■ **EXTRACTED RECORDS**:
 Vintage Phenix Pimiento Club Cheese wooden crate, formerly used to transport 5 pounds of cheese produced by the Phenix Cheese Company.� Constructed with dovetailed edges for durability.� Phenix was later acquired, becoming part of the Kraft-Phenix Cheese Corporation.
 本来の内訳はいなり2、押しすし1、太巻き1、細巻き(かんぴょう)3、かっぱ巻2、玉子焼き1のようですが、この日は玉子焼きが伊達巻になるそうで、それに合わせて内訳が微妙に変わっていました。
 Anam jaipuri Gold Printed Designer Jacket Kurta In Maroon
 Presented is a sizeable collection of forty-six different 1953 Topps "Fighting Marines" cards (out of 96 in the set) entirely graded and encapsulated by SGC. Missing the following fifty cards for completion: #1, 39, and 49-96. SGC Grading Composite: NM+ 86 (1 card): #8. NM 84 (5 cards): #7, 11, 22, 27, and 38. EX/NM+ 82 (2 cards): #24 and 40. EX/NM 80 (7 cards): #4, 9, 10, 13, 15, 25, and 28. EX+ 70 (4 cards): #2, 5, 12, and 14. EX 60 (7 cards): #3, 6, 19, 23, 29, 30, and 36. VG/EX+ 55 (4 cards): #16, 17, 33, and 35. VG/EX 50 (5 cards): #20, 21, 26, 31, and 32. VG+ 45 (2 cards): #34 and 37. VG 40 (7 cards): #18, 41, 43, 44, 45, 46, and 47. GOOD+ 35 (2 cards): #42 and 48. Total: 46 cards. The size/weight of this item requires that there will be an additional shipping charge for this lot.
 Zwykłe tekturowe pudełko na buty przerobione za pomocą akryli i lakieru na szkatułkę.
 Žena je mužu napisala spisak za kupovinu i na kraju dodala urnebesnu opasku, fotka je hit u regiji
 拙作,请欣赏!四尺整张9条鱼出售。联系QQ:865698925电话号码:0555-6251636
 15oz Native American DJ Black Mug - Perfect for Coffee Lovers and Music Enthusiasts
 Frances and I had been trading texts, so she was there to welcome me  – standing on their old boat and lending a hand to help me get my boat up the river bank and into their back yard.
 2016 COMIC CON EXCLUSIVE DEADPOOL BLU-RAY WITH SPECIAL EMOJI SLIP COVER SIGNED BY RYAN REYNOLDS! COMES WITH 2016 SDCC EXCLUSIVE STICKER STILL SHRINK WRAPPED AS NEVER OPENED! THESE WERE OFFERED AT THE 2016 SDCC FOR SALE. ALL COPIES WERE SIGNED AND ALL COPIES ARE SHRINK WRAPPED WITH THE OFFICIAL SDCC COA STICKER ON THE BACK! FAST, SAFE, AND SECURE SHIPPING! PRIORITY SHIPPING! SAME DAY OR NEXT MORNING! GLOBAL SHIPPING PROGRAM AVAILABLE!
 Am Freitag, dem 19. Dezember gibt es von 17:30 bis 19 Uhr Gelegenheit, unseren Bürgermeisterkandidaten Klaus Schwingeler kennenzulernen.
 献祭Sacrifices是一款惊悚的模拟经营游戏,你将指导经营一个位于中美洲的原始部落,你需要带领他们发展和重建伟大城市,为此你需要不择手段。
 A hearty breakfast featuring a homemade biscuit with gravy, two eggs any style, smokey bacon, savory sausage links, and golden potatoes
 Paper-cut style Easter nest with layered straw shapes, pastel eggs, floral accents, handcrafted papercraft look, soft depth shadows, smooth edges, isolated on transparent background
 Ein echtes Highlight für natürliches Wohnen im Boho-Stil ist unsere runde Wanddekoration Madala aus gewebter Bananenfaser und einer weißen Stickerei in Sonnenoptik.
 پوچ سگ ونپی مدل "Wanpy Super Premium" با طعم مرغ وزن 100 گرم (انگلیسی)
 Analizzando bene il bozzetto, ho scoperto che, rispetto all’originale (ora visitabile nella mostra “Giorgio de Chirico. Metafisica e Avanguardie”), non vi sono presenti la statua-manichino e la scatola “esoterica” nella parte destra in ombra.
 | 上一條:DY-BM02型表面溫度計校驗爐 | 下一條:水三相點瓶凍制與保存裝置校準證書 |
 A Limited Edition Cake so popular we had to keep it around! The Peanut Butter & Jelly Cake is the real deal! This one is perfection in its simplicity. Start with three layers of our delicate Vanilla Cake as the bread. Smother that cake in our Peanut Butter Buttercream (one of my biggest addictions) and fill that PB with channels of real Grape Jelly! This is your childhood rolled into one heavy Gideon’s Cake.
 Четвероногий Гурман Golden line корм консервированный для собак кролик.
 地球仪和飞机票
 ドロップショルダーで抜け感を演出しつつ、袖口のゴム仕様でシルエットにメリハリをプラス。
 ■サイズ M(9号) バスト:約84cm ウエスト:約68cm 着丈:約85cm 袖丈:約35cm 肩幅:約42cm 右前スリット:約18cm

■ **REQUIRED WORK**:
In the answer, give the lines from the first line of the data through the line with "Frances and I", exactly as they appear and with no additions.

■ **EXPECTED ANSWER**:
 Vintage Phenix Pimiento Club Cheese wooden crate, formerly used to transport 5 pounds of cheese produced by the Phenix Cheese Company.� Constructed with dovetailed edges for durability.� Phenix was later acquired, becoming part of the Kraft-Phenix Cheese Corporation.
 本来の内訳はいなり2、押しすし1、太巻き1、細巻き(かんぴょう)3、かっぱ巻2、玉子焼き1のようですが、この日は玉子焼きが伊達巻になるそうで、それに合わせて内訳が微妙に変わっていました。
 Anam jaipuri Gold Printed Designer Jacket Kurta In Maroon
 Presented is a sizeable collection of forty-six different 1953 Topps "Fighting Marines" cards (out of 96 in the set) entirely graded and encapsulated by SGC. Missing the following fifty cards for completion: #1, 39, and 49-96. SGC Grading Composite: NM+ 86 (1 card): #8. NM 84 (5 cards): #7, 11, 22, 27, and 38. EX/NM+ 82 (2 cards): #24 and 40. EX/NM 80 (7 cards): #4, 9, 10, 13, 15, 25, and 28. EX+ 70 (4 cards): #2, 5, 12, and 14. EX 60 (7 cards): #3, 6, 19, 23, 29, 30, and 36. VG/EX+ 55 (4 cards): #16, 17, 33, and 35. VG/EX 50 (5 cards): #20, 21, 26, 31, and 32. VG+ 45 (2 cards): #34 and 37. VG 40 (7 cards): #18, 41, 43, 44, 45, 46, and 47. GOOD+ 35 (2 cards): #42 and 48. Total: 46 cards. The size/weight of this item requires that there will be an additional shipping charge for this lot.
 Zwykłe tekturowe pudełko na buty przerobione za pomocą akryli i lakieru na szkatułkę.
 Žena je mužu napisala spisak za kupovinu i na kraju dodala urnebesnu opasku, fotka je hit u regiji
 拙作,请欣赏!四尺整张9条鱼出售。联系QQ:865698925电话号码:0555-6251636
 15oz Native American DJ Black Mug - Perfect for Coffee Lovers and Music Enthusiasts
 Frances and I had been trading texts, so she was there to welcome me  – standing on their old boat and lending a hand to help me get my boat up the river bank and into their back yard.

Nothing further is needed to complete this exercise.